The object can then be converted to JSON/printed/manipulated as desired to format/output the results as necessary.
—
[Defined when class Initialized]:
- duration: float
The total duration (in seconds) of the associated video/media. Message times correspond to the video times.
- interval: int
The time interval (in seconds) at which to compress datapoints into samples. i.e. Duration of the samples. The smaller the interval, the more granular the analytics are. At interval=5, each sample contains 5 seconds of cumulative data. (With the exception of the last sample, which may be shorter than the interval.) This is b/c media duration is not necessarily divisible by the interval. #(samples in raw_data) is about (video duration/interval) (+1 if necessary to encompass remaining non-divisible data at end of data).
- description: str
A description included to help distinguish it from other analytical data.
- program_version: str
The version of the chat analytics program that was used to generate the data. Helps identify outdated/version-specific data formats.
- platform: str
Used to store the platform the data came from: ‘www.youtube.com’, ‘www.twitch.tv’, ‘youtu.be’… While it technically can be determined by the type of subclass, this makes for easier conversion to JSON/output
[Automatically re-defined on post-init]:
- duration_text: str
String representation of the media duration time.
- interval_text: str
String representation of the interval time.
[Defined w/ default and modified DURING analysis]:
- mediaTitle: str
The title of the media associated with the chatlog.
- mediaSource: str
The link to the media associated with the chatlog (url that it was origianlly downloaded from or filepath of a chatfile).
- samples: List[Sample]
An array of sequential samples, each corresponding to data about a section of chat of ‘interval’ seconds long. Each sample has specific data corresponding to a time interval of the vid. See the ‘Sample’ class
- totalActivity: int
The total number of messages/things (of any type!) that appeared in chat. (Sum of intervalActivity from all samples) Includes messages,notifications,subscriptions, superchats, … anything that appeared in chat
- totalChatMessages: int
The total number of chats sent by human (non-system) users (what is traditionally thought of as a chat) NOTE: Difficult to discern bots from humans other than just creating a known list of popular bots and blacklisting, because not all sites (YT/Twitch) provide information on whether chat was sent by a registered bot or not.

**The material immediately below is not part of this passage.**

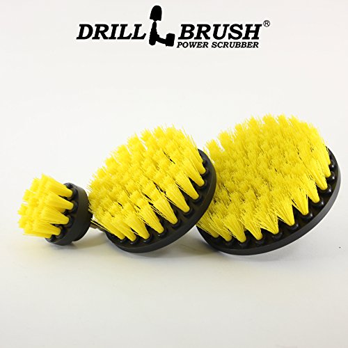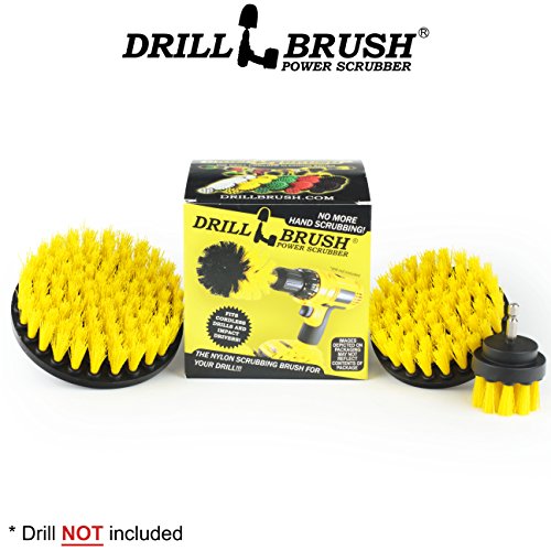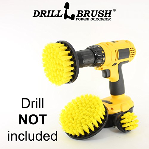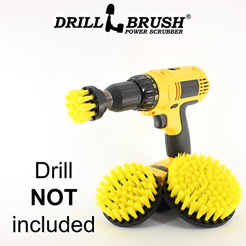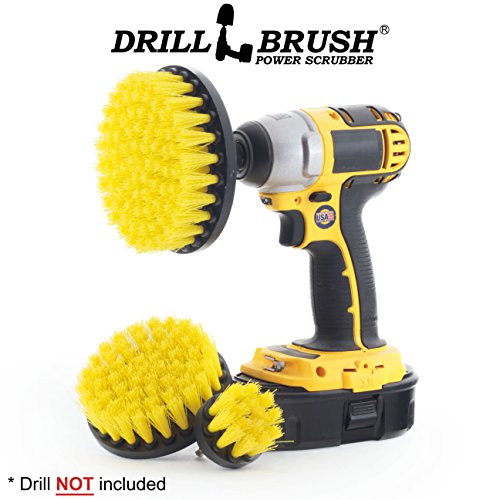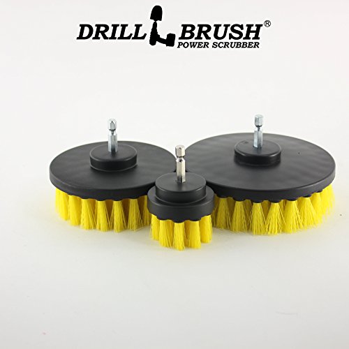 New Quick Change Shaft 3 Pack Medium Yellow Drill Brush Grout, Tile, Shower Stall and Door Track, All Purpose Bathroom Cleaning Brushes by Drillbrush

- highlight_percentile: float
The cutoff percentile that samples must meet to be considered a highlight
- highlight_metric: str
The metric to use for engagement analysis to build highlights. NOTE: must be converted into actual Sample field name before use.

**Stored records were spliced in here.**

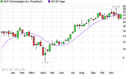 Mit dem Anstieg auf 24,50 EUR hat die SoFi Technologies-Aktie am 25.11.2025 die 50-Tage-Linie nach oben gekreuzt.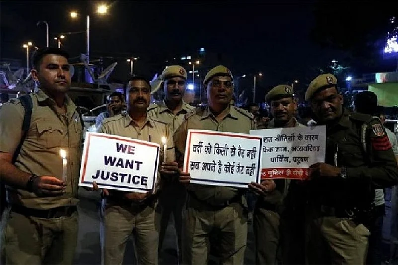 In one of the many videos that surfaced following the incident, lawyers are seen purportedly harassing the woman officer, who is flanked by other police personnel and trying to control a group of lawyers.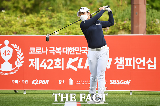 [더팩트ㅣ양주=배정한 기자] 한국여자프로골프(KLPGA) 투어 KLPGA 챔피언십 1라운드가 14일 오전 경기도 양주시 레이크우드CC에서 열린 가운데 조정민이 10번홀에서 티샷을 하고 있다.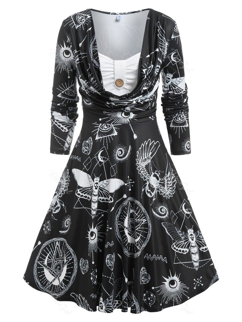 Sun Moon Star Dragonfly Print Draped Faux Twinset Dress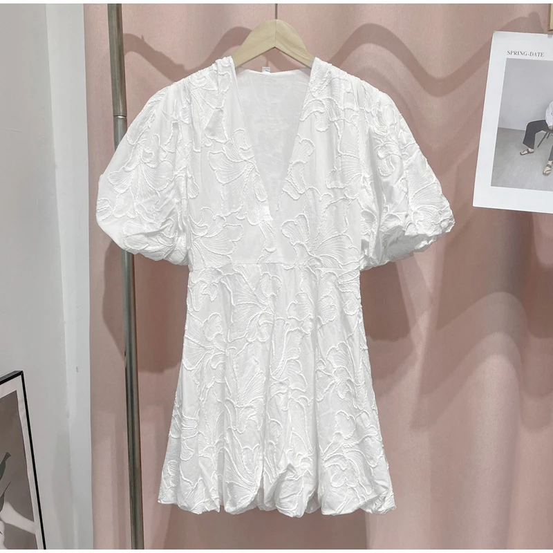 Model Number: Embroidered Fluffy Short Puff Sleeve Dress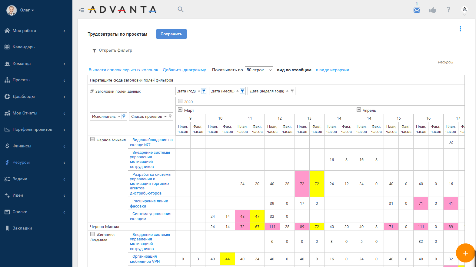 - Управление ресурсами. Система должна показывать загрузку сотрудников (в часах/днях), позволять балансировать ресурсы между разными проектами портфеля и предупреждать о переработках.

[Defined w/ default and modified AFTER analysis]:
- totalUniqueUsers: int
The total number of unique users that sent a chat message (human users that sent at least one traditional chat)
- overallAvgActivityPerSecond: float
The average activity per second across the whole chatlog. (totalActivity/totalDuration)

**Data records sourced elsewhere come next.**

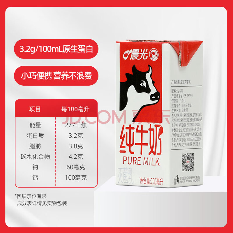 商品相册:晨光牛奶全脂灭菌乳纯牛奶200ml*12盒常温早餐奶 整箱 年货礼盒第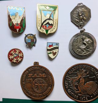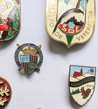 Colección de insignias y medallas de montaña. Son piezas antiguas y presentan un aspecto desgastado, lo que les da un encanto especia - Incluye 9 piezas: 5 insignias, 3 medallas y una placa. - Temática montañismo y senderismo. - Material variado: metal, bronce, plata etc.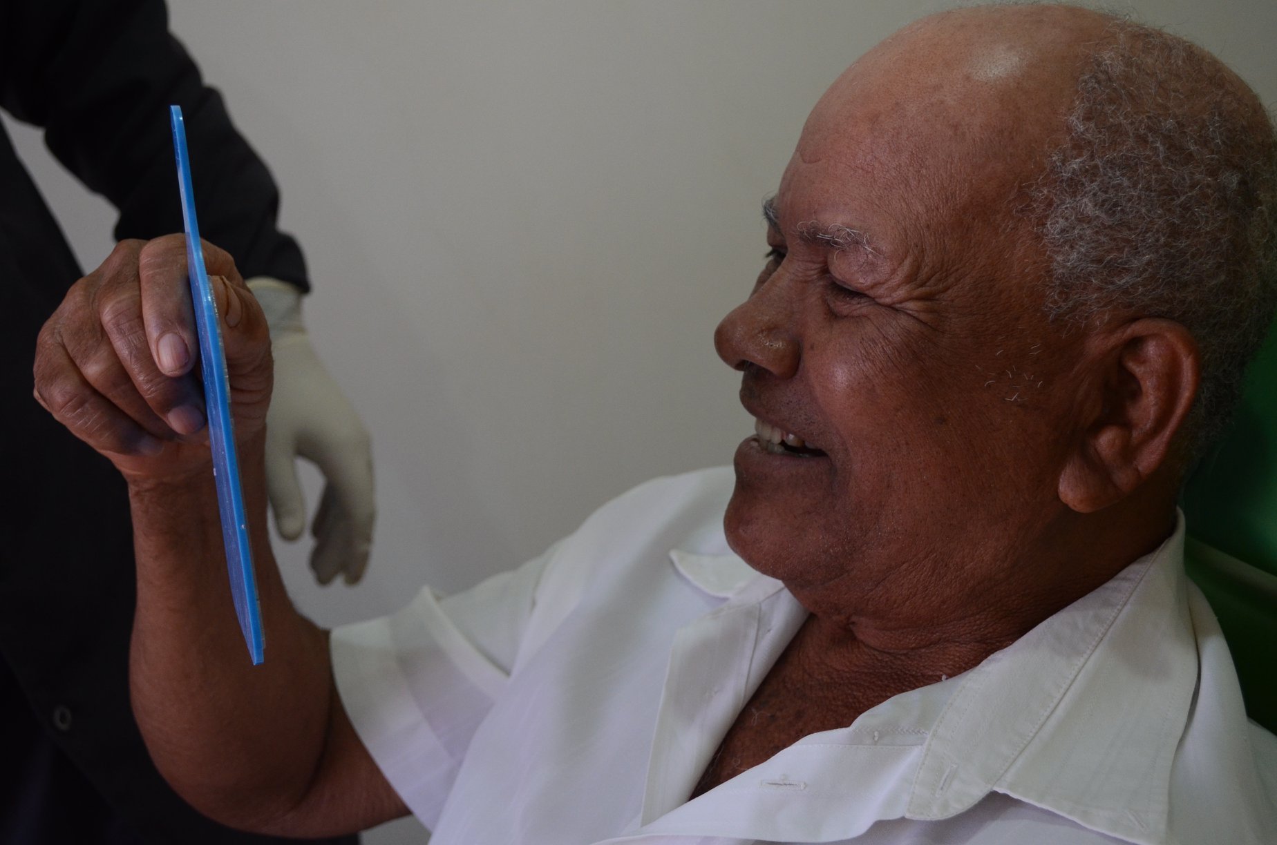 Depois de receber a prótese dentária, o paciente tem restabelecida a sua autoestima, além da função mastigatória e a alegria de voltar a sorrir.

- overallAvgChatMessagesPerSecond: float
The average number of chat messages per second across the whole chatlog. (totalChatMessages/totalDuration)
- overallAvgUniqueUsersPerSecond: float
The average number of unique users chatting per second.
- highlights: List[Highlight]
A list of the high engagement sections of the chatlog.
- highlights_duration: float
The cumulative duration of the highlights (in seconds)
- highlights_duration_text: str
The cumulative duration of the highlights represented in text format (i.e. hh:mm:ss)
- spikes: List[Spike]
Not yet implemented TODO A list of the calculated spikes in the chatlog. May contain spikes of different types, identifiable by the spike’s type field.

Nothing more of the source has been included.